May I just come out and say it right there. It rocked. The Opening of Odes & Offerings. 36 poets/36 artists. Some hung out to collaborate, some never met until last night, some didn't show. Though the newspapers forgot to mention it, and the catalogue of poems got ever so slightly mashed, and my friend Robin who is the reason I moved to new Mexico after I met her in 1969 in a Chicago Heights school, the Cottage Grove School to be precise, got robbed at CVS parking lot by Sunflower Market, and my throat practically fell off from meeting and greeting folks, it still rocked. I am so sorry Robin, Thanks for making the effort to come to The Opening until you got robbed. Glad you got your phone and credit cards back. These really are becoming desperate times, sort of post-Apoplectic, I mean friends are being robbed at knife point in Chimayo where before there was only break-ins while we were out.
Tobie-who-is-here-on -Sabbatical understands.
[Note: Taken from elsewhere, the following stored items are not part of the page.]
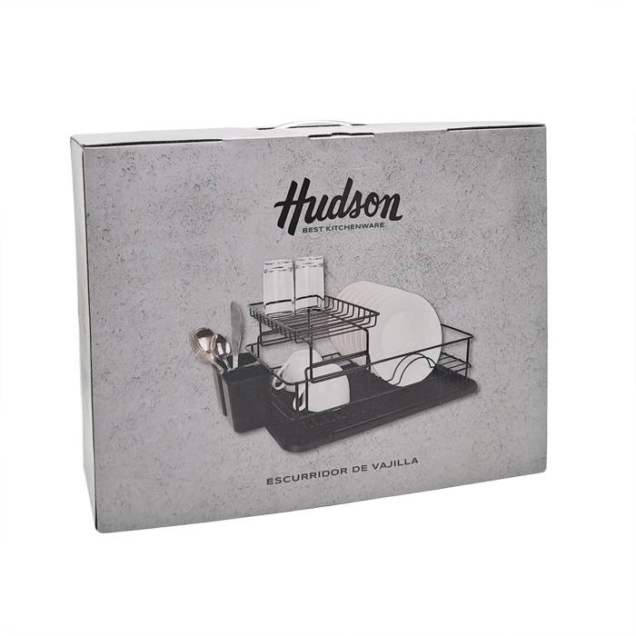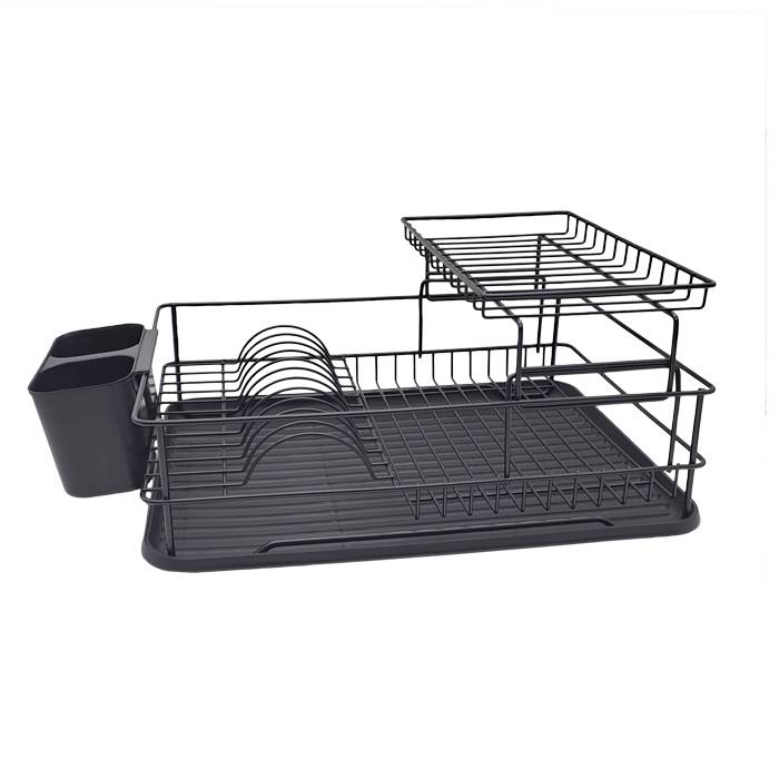 Escurridor de platos de acero negro de 2 pisos con bandeja plástica y cubertero.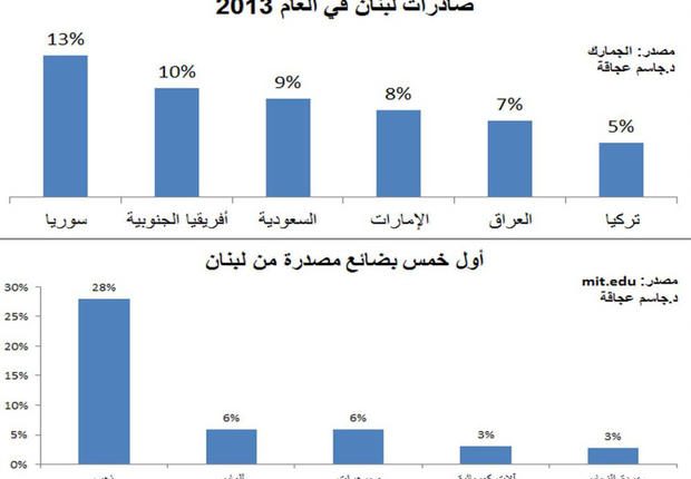 وبحسب الجمارك إحتلت سوريا المرتبة الأولى في صادرات لبنان (13% من أصل 7.25 مليارات دولار) بعدما كانت في المرتبة الخامسة في لائحة الشركاء التجاريين للبنان. وأهم الصادرات إلى سوريا الحيوانات، المشروبات والتبغ ومعظمها من البقاع والجنوب.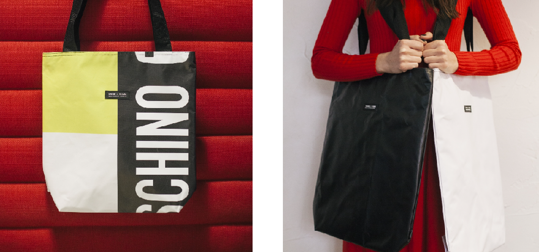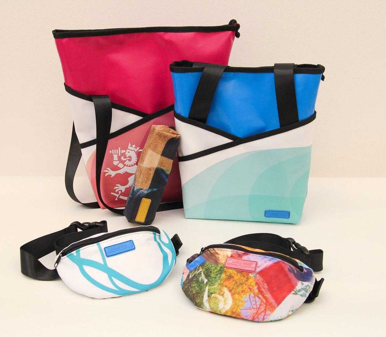 Из баннеров, которые раньше использовались Генеральным консульством Финляндии, 99RECYCLE сделали большие и маленькие шоперы, поясные сумки и пеналы. На каждом экземпляре — бирка из переработанного пластика HDPE
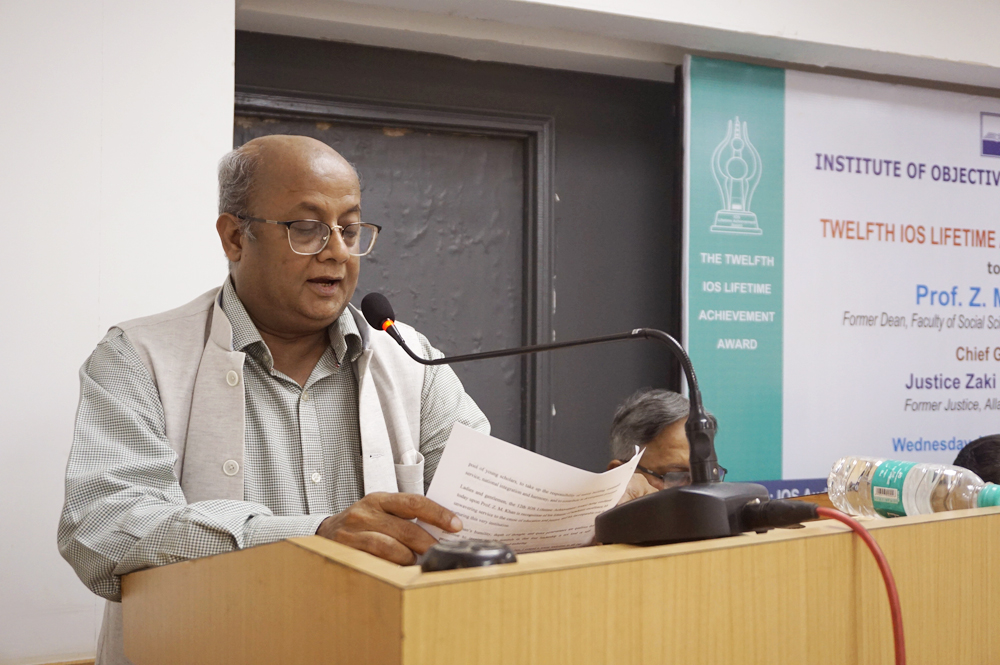 In his welcome speech, the secretary general of the IOS, Mr. Mohammad Alam, highlighted the activities of the Institute. He said that during its existence spanning four decades, the Institute engaged itself in working in several areas. These included research on status of deprived sections, particularly the Muslims. A number of projects were undertaken to study the exact position of their socio-economic plight. Reports of these studies and surveys and the outcome of research were published in book form. The Institute has so far published more than 400 titles on politics, sociology, law, religion etc., in English, Urdu and Hindi. With a view to entering into cooperation with the institutions of higher learning, a number of MoUs (Memoranda of Understanding) with reputed universities and institutions from India and abroad have been signed by the Institute. These MoUs are aimed at organising joint programmes for academic exchange. The IOS caravan is continuing its on-going journey under the guidance of its founder-chairman and now the chief patron, Dr. Mohammad Manzoor Alam. The Institute has honoured individuals, institutions and NGOs, which have rendered invaluable service to national life with the IOS Lifetime Achievement Award. So far, 11 personalities have been honoured with the Award. The twelfth IOS Lifetime Achievement award goes to Prof. Z. M. Khan in recognition of his service in the field of education, administration, planning, organisation and implementation.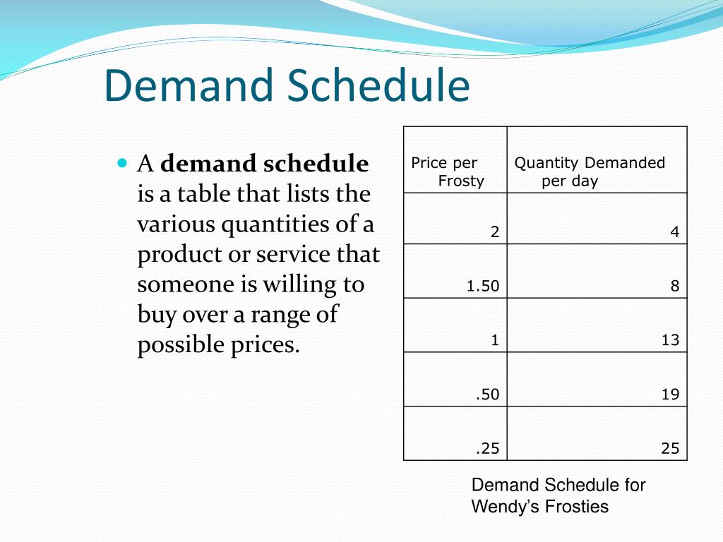 Demand Schedule • A demand schedule is a table that lists the various quantities of a product or service that someone is willing to buy over a range of possible prices. Demand Schedule for Wendy’s Frosties

We are both total devotees to beauty, even thought beauty has gotten a bad name of late. I'm sorry, my mother had a beauty salon and I was dressed and educated by the money she earned in beauty, raised by beauty, answered the phone for beauty, and took out its rollers and pin curls. Last night I raised my poems to the sky to show my mother and father, right there in front of whoever was left in the Gallery After The Show. Oh, the show. I got a bit off track.
Come back, public and newspapers and people not invited or juried in. Come back to beauty and longing and the Poetry Reading Room we set up, comeback to your own work and not being included or being included and whatever creative waves that sets up in you. Two months, fifteen days left. Now I get to experience my other thought, the one I had leaving Boston after college in 1969. The ends of things are intense and you may fall in love or get a boyfriend, or have a sunset as pink and purple as my Uncle Sydney's painting of the mountains that hung in our Pittsburgh dining room.
As I left Boston, the light was bright, I had boys around me, the guy we called The Sun God because he shined with handsome and another high school boyfriend. I met the intensity of endings. Here I am again, how to end the poem? Emily Dickinson said it should feel as if the top of your head blew off. A bit intense for these post-Apoplectic times but I am staring to feel blown away. I want to get back to my writing, to the grandkids, to gardening. I want to sew more PoemHolderstm and sell them so I can spoil the grandkids in a good way. I'm a long way from a new boyfriend, but my husband is looking ultra cute in his new SHELL LUMBER cap and black shirt. End times. New PL times. Who could be more appreciative than I have been to serve. Did I mention that three or four pieces sold and I don't even get a kick-back?